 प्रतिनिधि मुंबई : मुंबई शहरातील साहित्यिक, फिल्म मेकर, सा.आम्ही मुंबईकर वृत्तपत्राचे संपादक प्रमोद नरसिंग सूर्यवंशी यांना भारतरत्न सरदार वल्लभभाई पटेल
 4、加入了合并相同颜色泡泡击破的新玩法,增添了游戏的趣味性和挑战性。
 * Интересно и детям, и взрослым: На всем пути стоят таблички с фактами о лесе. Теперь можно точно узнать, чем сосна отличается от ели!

--

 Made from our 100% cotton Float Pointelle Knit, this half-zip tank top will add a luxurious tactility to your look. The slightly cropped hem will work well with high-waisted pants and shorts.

• _TASK PROMPT_
Only one part of the material above is to be transcribed, namely the lines starting with the line that has "प्रतिनिधि मुंबई : मुंबई" and going on through the line that has "отличается от ели!", exactly as they stand.

• _TASK OUTPUT_
 प्रतिनिधि मुंबई : मुंबई शहरातील साहित्यिक, फिल्म मेकर, सा.आम्ही मुंबईकर वृत्तपत्राचे संपादक प्रमोद नरसिंग सूर्यवंशी यांना भारतरत्न सरदार वल्लभभाई पटेल
 4、加入了合并相同颜色泡泡击破的新玩法,增添了游戏的趣味性和挑战性。
 * Интересно и детям, и взрослым: На всем пути стоят таблички с фактами о лесе. Теперь можно точно узнать, чем сосна отличается от ели!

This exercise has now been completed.